START SUPPLIED DATA

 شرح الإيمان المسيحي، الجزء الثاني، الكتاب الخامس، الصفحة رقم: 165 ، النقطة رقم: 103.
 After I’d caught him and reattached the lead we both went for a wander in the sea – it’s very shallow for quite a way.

END SUPPLIED DATA
START SUPPLIED DATA

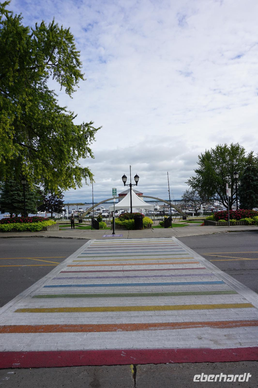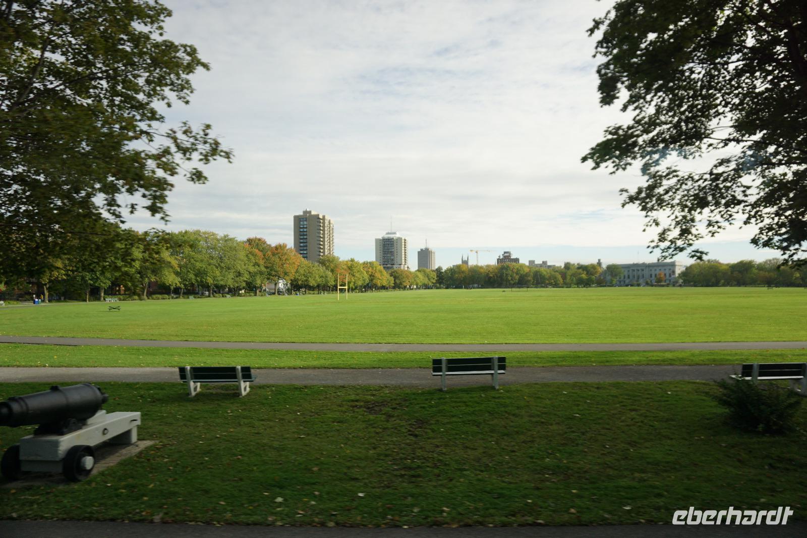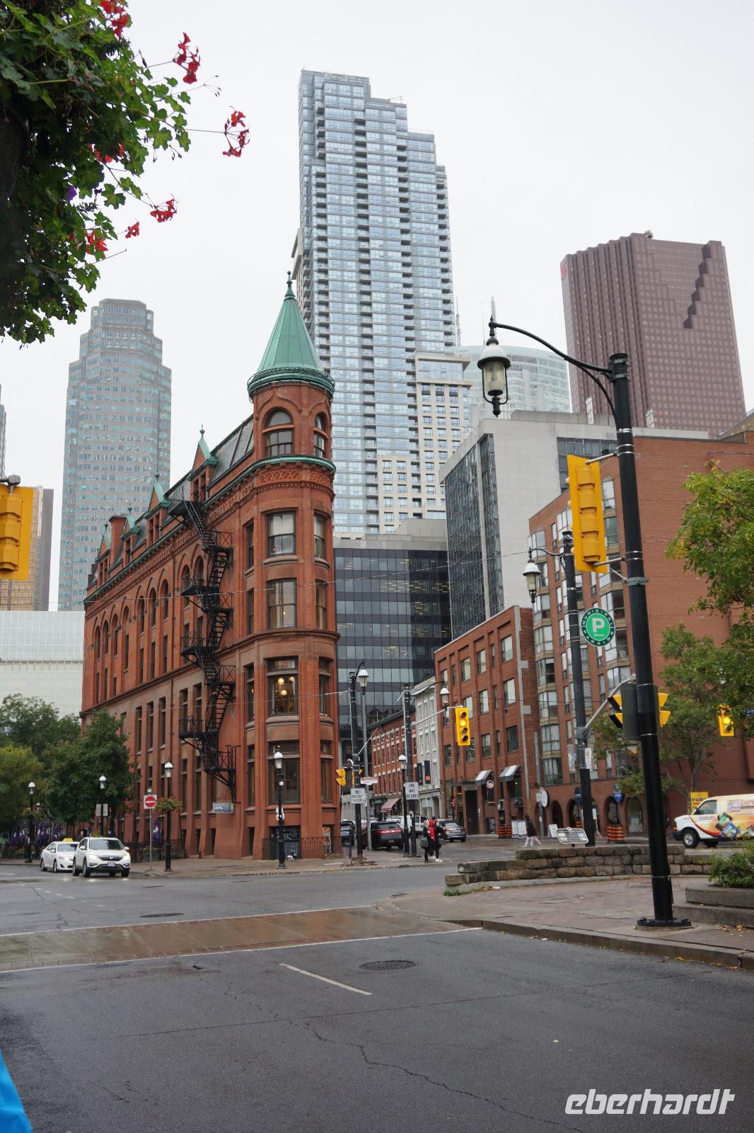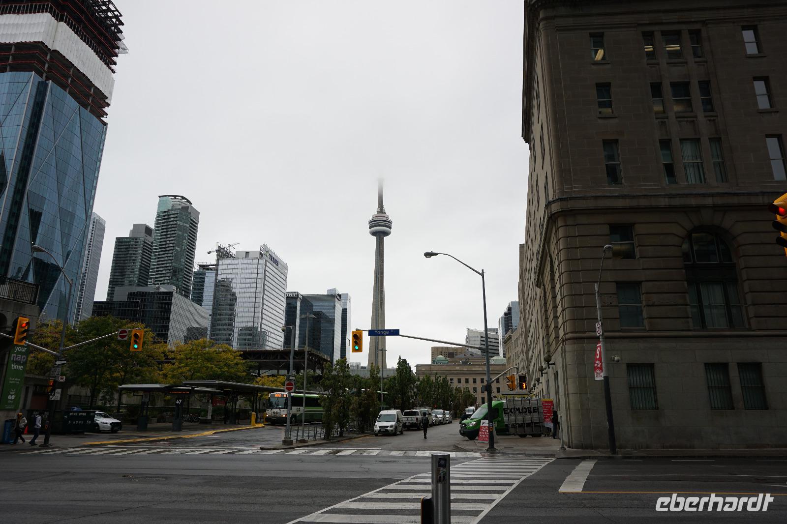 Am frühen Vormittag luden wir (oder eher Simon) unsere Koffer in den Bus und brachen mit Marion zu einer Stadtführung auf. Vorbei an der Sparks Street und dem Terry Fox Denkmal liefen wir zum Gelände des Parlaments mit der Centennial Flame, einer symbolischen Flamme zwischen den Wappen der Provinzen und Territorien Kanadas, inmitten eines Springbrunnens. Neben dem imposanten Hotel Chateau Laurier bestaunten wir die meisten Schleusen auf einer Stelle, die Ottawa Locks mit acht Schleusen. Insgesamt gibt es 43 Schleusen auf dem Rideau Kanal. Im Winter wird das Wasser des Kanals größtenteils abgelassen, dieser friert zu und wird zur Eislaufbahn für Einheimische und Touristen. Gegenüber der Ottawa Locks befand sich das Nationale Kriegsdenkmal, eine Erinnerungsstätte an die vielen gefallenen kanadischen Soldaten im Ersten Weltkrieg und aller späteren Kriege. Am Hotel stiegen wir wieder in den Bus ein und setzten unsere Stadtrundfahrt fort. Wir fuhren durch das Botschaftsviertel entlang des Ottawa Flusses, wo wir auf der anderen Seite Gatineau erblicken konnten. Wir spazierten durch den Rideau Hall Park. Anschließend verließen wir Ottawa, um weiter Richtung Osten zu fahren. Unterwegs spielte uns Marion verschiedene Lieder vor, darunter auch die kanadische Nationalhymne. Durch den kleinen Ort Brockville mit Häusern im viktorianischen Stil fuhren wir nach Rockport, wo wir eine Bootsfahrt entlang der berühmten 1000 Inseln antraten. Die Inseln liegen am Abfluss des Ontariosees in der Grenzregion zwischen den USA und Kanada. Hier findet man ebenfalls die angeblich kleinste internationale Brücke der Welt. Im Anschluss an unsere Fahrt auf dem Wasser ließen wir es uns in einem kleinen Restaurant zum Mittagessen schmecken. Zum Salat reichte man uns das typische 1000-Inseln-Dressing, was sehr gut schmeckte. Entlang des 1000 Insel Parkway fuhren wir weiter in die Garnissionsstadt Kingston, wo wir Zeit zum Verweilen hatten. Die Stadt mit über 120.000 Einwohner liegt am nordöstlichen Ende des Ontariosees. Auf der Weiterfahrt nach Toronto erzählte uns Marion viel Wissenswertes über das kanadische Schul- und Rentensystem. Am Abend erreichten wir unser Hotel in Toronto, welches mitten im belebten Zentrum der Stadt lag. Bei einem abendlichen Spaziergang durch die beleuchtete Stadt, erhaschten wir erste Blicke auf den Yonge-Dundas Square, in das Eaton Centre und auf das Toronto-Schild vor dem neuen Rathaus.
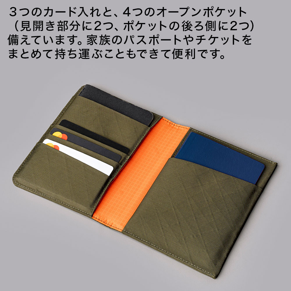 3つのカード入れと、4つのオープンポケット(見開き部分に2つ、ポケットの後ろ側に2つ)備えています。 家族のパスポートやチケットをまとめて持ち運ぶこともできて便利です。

END SUPPLIED DATA

> _ACTION ITEM_
Look above for the line with "شرح الإيمان المسيحي،"; retype exactly that line, every line after it up to the line with "After I’d caught", and that line too, nothing else.

> _RESULT OF THE TASK_
 شرح الإيمان المسيحي، الجزء الثاني، الكتاب الخامس، الصفحة رقم: 165 ، النقطة رقم: 103.
 After I’d caught him and reattached the lead we both went for a wander in the sea – it’s very shallow for quite a way.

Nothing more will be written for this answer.